--- The data Enclosed Below ---

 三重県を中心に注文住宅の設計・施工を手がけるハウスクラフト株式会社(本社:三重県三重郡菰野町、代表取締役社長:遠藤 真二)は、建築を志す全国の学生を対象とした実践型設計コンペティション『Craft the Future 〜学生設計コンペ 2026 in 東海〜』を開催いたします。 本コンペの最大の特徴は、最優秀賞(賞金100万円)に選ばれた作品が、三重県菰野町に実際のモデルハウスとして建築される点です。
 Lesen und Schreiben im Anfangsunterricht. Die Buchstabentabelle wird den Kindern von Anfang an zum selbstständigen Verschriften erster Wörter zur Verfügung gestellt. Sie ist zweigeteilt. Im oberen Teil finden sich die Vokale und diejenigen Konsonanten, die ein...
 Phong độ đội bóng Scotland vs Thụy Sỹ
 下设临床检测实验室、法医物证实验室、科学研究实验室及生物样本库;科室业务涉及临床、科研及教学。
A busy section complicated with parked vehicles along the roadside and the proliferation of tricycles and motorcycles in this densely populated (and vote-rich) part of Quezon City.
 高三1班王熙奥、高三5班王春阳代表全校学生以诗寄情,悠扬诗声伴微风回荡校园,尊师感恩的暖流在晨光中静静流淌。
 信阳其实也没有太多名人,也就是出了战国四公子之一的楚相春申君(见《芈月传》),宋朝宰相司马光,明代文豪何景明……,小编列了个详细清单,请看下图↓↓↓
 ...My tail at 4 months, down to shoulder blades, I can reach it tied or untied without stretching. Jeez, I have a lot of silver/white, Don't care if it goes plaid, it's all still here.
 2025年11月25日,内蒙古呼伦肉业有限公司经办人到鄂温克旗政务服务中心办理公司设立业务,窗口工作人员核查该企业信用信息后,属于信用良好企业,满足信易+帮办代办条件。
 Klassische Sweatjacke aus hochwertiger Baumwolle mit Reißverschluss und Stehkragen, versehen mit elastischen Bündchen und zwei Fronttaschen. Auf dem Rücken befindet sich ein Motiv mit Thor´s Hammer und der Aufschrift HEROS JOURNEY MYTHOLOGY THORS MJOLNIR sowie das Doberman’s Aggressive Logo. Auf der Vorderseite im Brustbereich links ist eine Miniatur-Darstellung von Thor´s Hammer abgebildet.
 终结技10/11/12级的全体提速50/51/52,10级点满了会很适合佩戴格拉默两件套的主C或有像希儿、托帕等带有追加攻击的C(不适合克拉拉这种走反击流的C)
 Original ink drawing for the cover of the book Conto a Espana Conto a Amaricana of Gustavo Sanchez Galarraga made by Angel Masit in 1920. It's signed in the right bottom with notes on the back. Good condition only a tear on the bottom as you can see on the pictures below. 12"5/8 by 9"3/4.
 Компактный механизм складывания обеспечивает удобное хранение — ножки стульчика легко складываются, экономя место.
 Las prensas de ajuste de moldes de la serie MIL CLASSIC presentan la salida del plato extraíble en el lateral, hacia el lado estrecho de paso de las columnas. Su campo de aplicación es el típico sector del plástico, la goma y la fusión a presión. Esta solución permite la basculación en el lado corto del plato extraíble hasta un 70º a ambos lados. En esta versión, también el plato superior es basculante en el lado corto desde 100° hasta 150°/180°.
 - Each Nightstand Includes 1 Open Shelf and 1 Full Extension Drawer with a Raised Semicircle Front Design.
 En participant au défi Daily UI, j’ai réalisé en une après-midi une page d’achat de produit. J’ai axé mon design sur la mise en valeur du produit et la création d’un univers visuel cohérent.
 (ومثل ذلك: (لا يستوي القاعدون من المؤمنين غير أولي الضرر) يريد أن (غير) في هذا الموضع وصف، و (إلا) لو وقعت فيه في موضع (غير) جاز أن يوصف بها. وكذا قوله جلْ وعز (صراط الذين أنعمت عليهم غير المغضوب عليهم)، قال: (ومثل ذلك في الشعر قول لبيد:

--- End of Enclosed The data ---

Exercise aim: Write the listing out again in its entirety, exactly.

Result of this task:
 三重県を中心に注文住宅の設計・施工を手がけるハウスクラフト株式会社(本社:三重県三重郡菰野町、代表取締役社長:遠藤 真二)は、建築を志す全国の学生を対象とした実践型設計コンペティション『Craft the Future 〜学生設計コンペ 2026 in 東海〜』を開催いたします。 本コンペの最大の特徴は、最優秀賞(賞金100万円)に選ばれた作品が、三重県菰野町に実際のモデルハウスとして建築される点です。
 Lesen und Schreiben im Anfangsunterricht. Die Buchstabentabelle wird den Kindern von Anfang an zum selbstständigen Verschriften erster Wörter zur Verfügung gestellt. Sie ist zweigeteilt. Im oberen Teil finden sich die Vokale und diejenigen Konsonanten, die ein...
 Phong độ đội bóng Scotland vs Thụy Sỹ
 下设临床检测实验室、法医物证实验室、科学研究实验室及生物样本库;科室业务涉及临床、科研及教学。
A busy section complicated with parked vehicles along the roadside and the proliferation of tricycles and motorcycles in this densely populated (and vote-rich) part of Quezon City.
 高三1班王熙奥、高三5班王春阳代表全校学生以诗寄情,悠扬诗声伴微风回荡校园,尊师感恩的暖流在晨光中静静流淌。
 信阳其实也没有太多名人,也就是出了战国四公子之一的楚相春申君(见《芈月传》),宋朝宰相司马光,明代文豪何景明……,小编列了个详细清单,请看下图↓↓↓
 ...My tail at 4 months, down to shoulder blades, I can reach it tied or untied without stretching. Jeez, I have a lot of silver/white, Don't care if it goes plaid, it's all still here.
 2025年11月25日,内蒙古呼伦肉业有限公司经办人到鄂温克旗政务服务中心办理公司设立业务,窗口工作人员核查该企业信用信息后,属于信用良好企业,满足信易+帮办代办条件。
 Klassische Sweatjacke aus hochwertiger Baumwolle mit Reißverschluss und Stehkragen, versehen mit elastischen Bündchen und zwei Fronttaschen. Auf dem Rücken befindet sich ein Motiv mit Thor´s Hammer und der Aufschrift HEROS JOURNEY MYTHOLOGY THORS MJOLNIR sowie das Doberman’s Aggressive Logo. Auf der Vorderseite im Brustbereich links ist eine Miniatur-Darstellung von Thor´s Hammer abgebildet.
 终结技10/11/12级的全体提速50/51/52,10级点满了会很适合佩戴格拉默两件套的主C或有像希儿、托帕等带有追加攻击的C(不适合克拉拉这种走反击流的C)
 Original ink drawing for the cover of the book Conto a Espana Conto a Amaricana of Gustavo Sanchez Galarraga made by Angel Masit in 1920. It's signed in the right bottom with notes on the back. Good condition only a tear on the bottom as you can see on the pictures below. 12"5/8 by 9"3/4.
 Компактный механизм складывания обеспечивает удобное хранение — ножки стульчика легко складываются, экономя место.
 Las prensas de ajuste de moldes de la serie MIL CLASSIC presentan la salida del plato extraíble en el lateral, hacia el lado estrecho de paso de las columnas. Su campo de aplicación es el típico sector del plástico, la goma y la fusión a presión. Esta solución permite la basculación en el lado corto del plato extraíble hasta un 70º a ambos lados. En esta versión, también el plato superior es basculante en el lado corto desde 100° hasta 150°/180°.
 - Each Nightstand Includes 1 Open Shelf and 1 Full Extension Drawer with a Raised Semicircle Front Design.
 En participant au défi Daily UI, j’ai réalisé en une après-midi une page d’achat de produit. J’ai axé mon design sur la mise en valeur du produit et la création d’un univers visuel cohérent.
 (ومثل ذلك: (لا يستوي القاعدون من المؤمنين غير أولي الضرر) يريد أن (غير) في هذا الموضع وصف، و (إلا) لو وقعت فيه في موضع (غير) جاز أن يوصف بها. وكذا قوله جلْ وعز (صراط الذين أنعمت عليهم غير المغضوب عليهم)، قال: (ومثل ذلك في الشعر قول لبيد:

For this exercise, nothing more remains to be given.